Nearly 60 percent of advanced economies have inflation above 5 percent — the highest rate since the 1980s — while more than half of developed economies have inflation, Carstens said. emerging market countries Inflation is over 7% – the highest level since the brief period of the global financial crisis in 2008.

“The forces behind high inflation are likely to persist for some time,” said the head of the Bank for International Settlements. “Central banks will need to adjust, as some are already doing. . . no one wants to repeat the mistakes of the 1970s,” when advanced economies were hit by persistently high inflation.

Several central banks around the world, including the U.S., U.K., Canada, Brazil, South Korea, Mexico and South Africa, have begun raising interest rates to combat inflation well above their 2 percent target.

“Adjusting to higher rates is not easy,” Carstens said, noting that households, companies, investors and governments “have become overly accustomed to low interest rates and easy financial conditions, which is also reflected in the fact that private and public debt is at a premium. historical high”.

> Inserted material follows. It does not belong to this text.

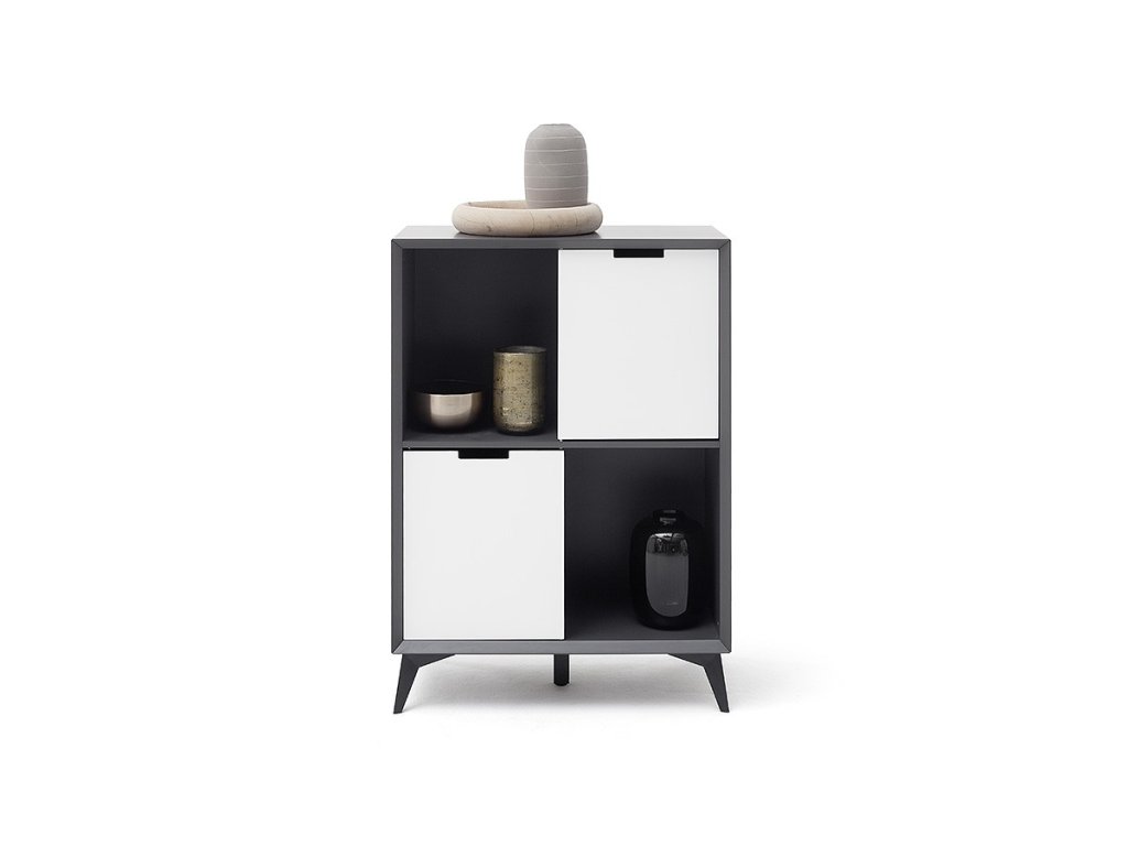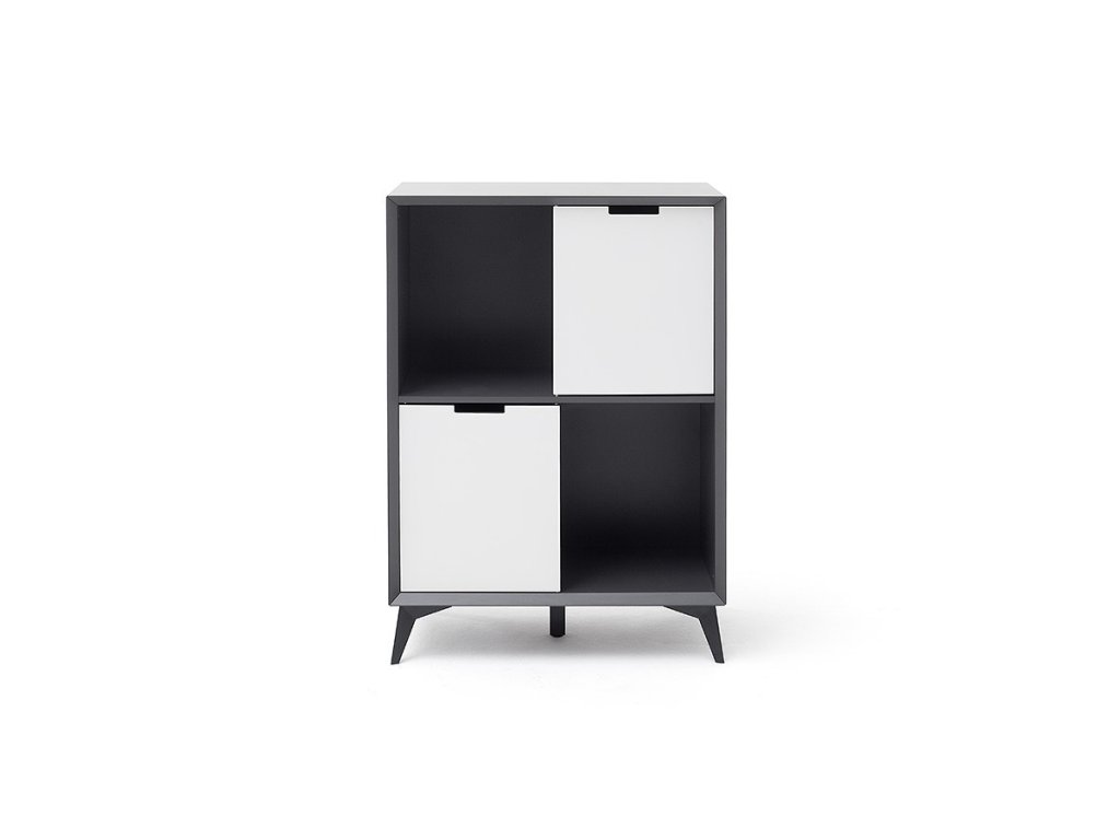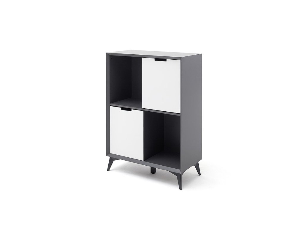 Nadčasová komoda v jedinečném designu, který se hlavně vyznačuje kombinací barev šedé a bílé. Komoda stojí na vyvýšených nohách, což umožňuje dobrý přístup pod komodu. Komoda disponuje skříňkami a zásuvkami.

“It will be a challenge to design a transition to more normal levels, and in the process set realistic expectations about what monetary policy can achieve,” he said. “The required shift in central bank behavior would also not be welcome.”

Rather than relying on monetary and fiscal policy to prop up growth, Carstens called for “structural policies that strengthen the productive capacity of the economy.”

“Many of the economic challenges we face today stem from the neglect of supply-side policies over the past decade or more,” he said. “In the past decade, central banks have done more than they should. Now is the time for other policies to take over.”